“A lot of people write about rebuilding after divorce. Art is still walking that road. There’s a difference — and you feel it on every page.”
— James T., Men’s Coach, Chicago
ABOUT THE AUTHOR
After my marriage ended, I found myself in the kind of freefall most guys don’t talk about — identity gone, patterns exposed, and the slow realization that no one was coming to save me.
So I did what a lot of guys do — white-knuckled it, kept moving, and told myself I was fine. I wasn’t fine. I was just busy pretending.
I spent years working in film and television, getting pretty good at telling other people’s stories. Turns out I was a lot less honest about my own.

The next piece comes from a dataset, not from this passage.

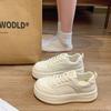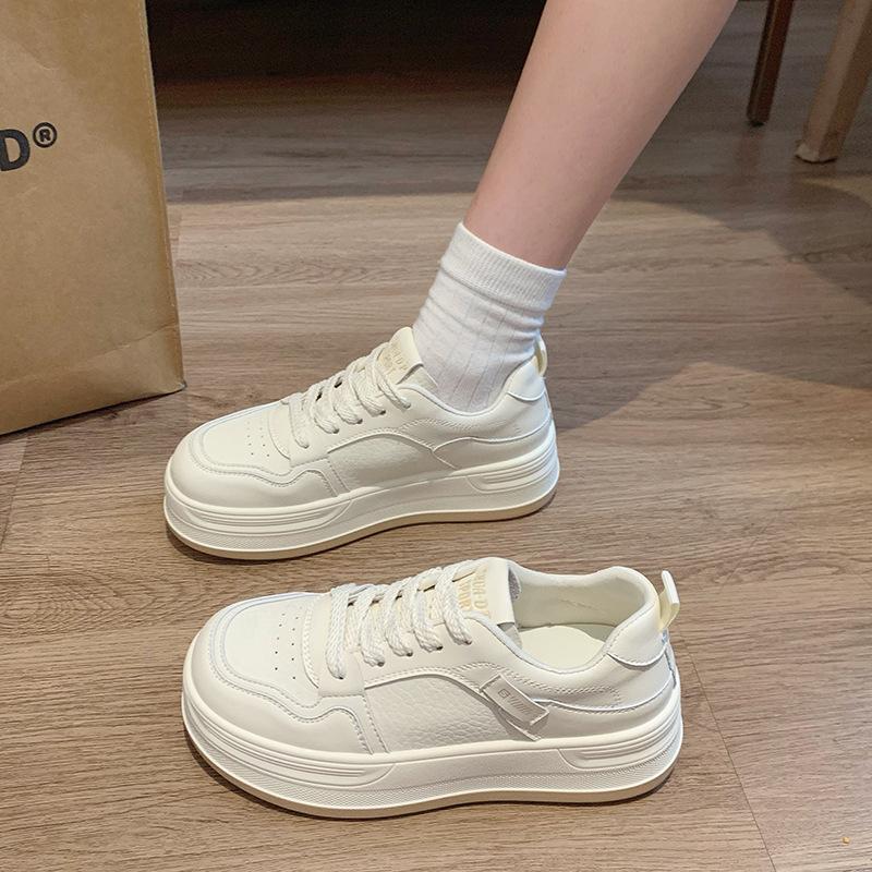 New 2025 autumn leather fashion thick-soled lace-up casual shoes women's small height-increasing board shoes women's white shoes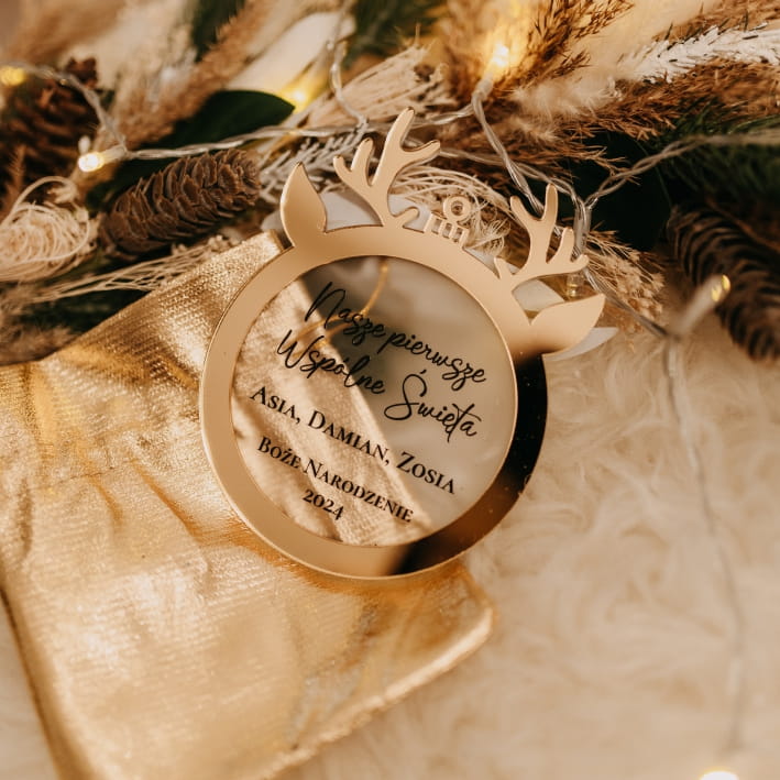 - Unikalna personalizacja: Na matowej powierzchni nadrukowany tekst: ,,Nasze pierwsze Wspólne Święta" + imiona całej rodziny + Boże Narodzenie 2024

So I went to work. The real kind — the kind that asks you to sit still long enough to actually look at yourself. Your patterns, the things you’ve been carrying, the version of yourself you’d been performing for way too long. It wasn’t pretty. But it was the most important thing I’ve ever done.
Now I write about grounded masculinity, fatherhood, and what it actually takes to rebuild. I also work with men navigating separation and divorce — helping them find their footing and figure out who they are when the life they built is no longer the life they’re living.
I’m based in Los Angeles, doing this work in real time, right alongside the men I write for.
One thing I know for certain: sometimes starting over isn’t about going back. It’s about deciding who you become next.